Short sales are difficult transactions. They require extensive negotiations with the lender, and it can take months to get lender approval — if it comes at all. As such, the ‘buyer pool” for short sales is small. Let’s face it, most folks buying a home can’t or won’t wait for weeks on end to get an answer. There are plenty of individually owned homes to chose from.

But if you are interested in purchasing a short sale, it can be done. Be sure to chose an agent that has worked short sales. One job of the agent is to convince the bank that an offer made on a short sale is a reasonable offer and will save the lender money over foreclosing on the home. Such negotiations are not for the faint of heart or inexperienced.

Just don’t expect the lender to accept an offer at 50 cents on the dollar. Different lenders have different criteria as to what they will accept, the costs they will pay, and the proof they require that the seller is in a position that demands a short sale. Some lenders will send short sale paperwork before a home is listed, some require a home to be listed for a period of time before a short sale will be considered, and some won’t even discuss a short sale until you have an offer in hand.

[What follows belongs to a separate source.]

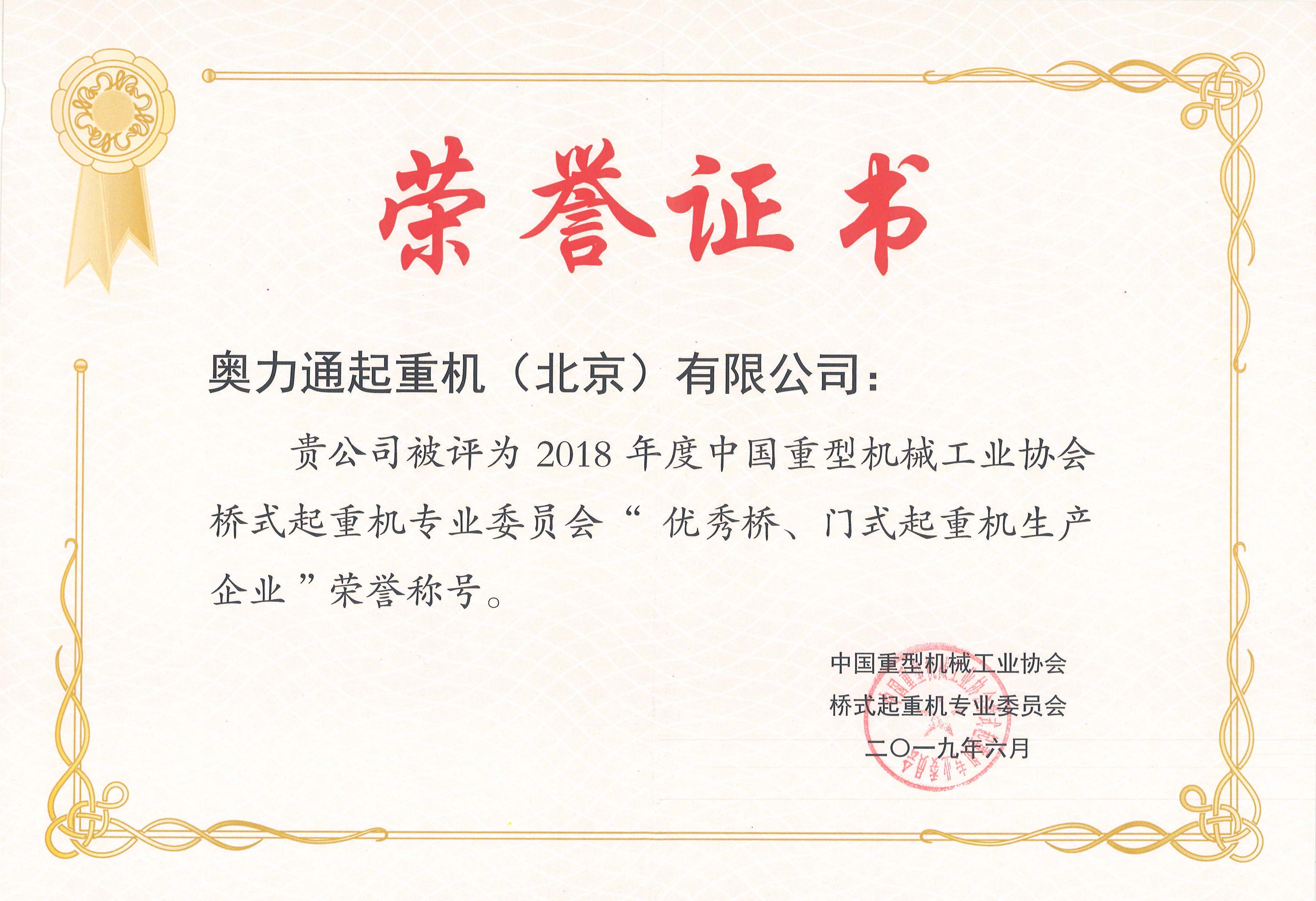 333体育荣获“优秀桥、门式起重机生产企业”称号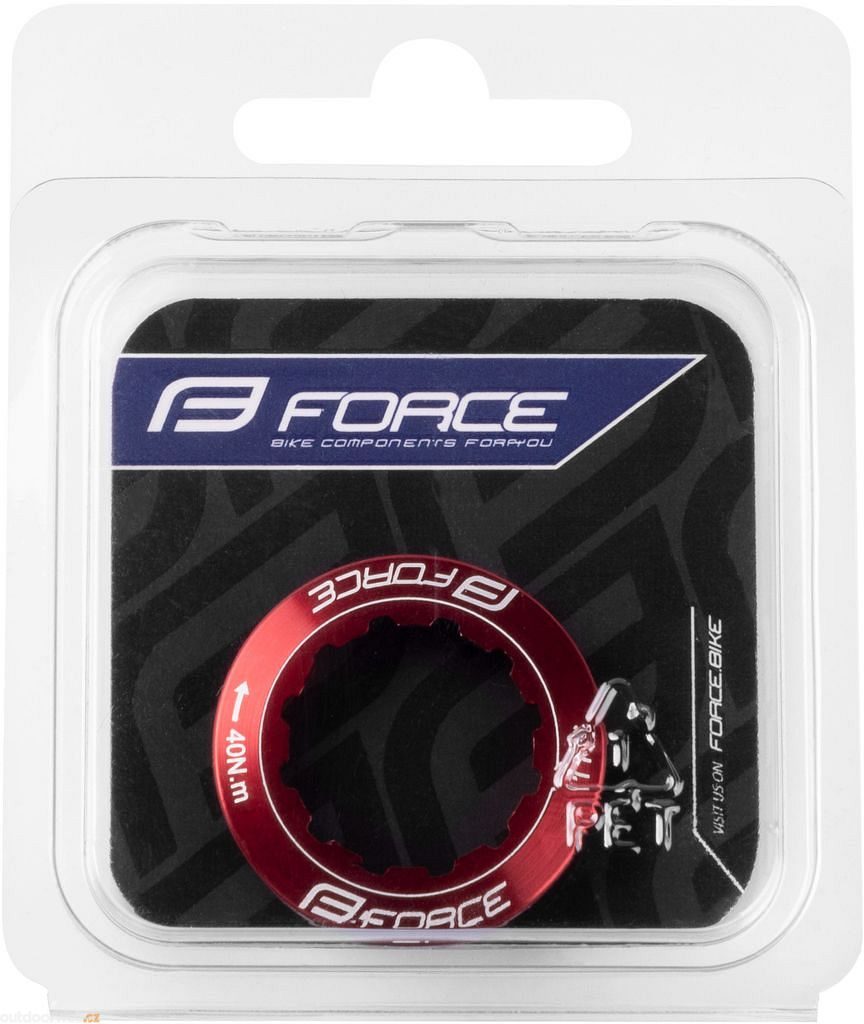 Červená pojistná matice na kazetu SHIMANO 11z určená pro pastorek s 11 zuby, vyrobená z hliníku s červeným eloxem a bílým logem FORCE, balena v originální krabičce.

These various lender requirements make both listing and buying a short sale home tedious, at best.

Recently I’ve had a couple of discussions with people that are of the mind set that they don’t want to pay for a home that is declining in value. They are perfectly capable of making the payments, they just don’t want to make them. Well, that’s just not going to fly. It may sound harsh, but the lender doesn’t really care what you want or don’t want to do. You committed to making payments when you signed your mortgage, and they expect you to keep that commitment. Before any lender will accept a short sale, they will require financial statements and likely a “hardship letter” so they can determine if you can no longer make payments. The fact that you don’t like your payment is of no concern to them.

I’m not writing this to discourage people from selling short or buying short sale properties. It’s important though, to know what you are getting in to if you chose to sell or purchase short sale real estate.

Update: Jamie Geiger over at the Real Estate Cactus posted on short sales today, referencing the same WSJ article. Nice local stats included!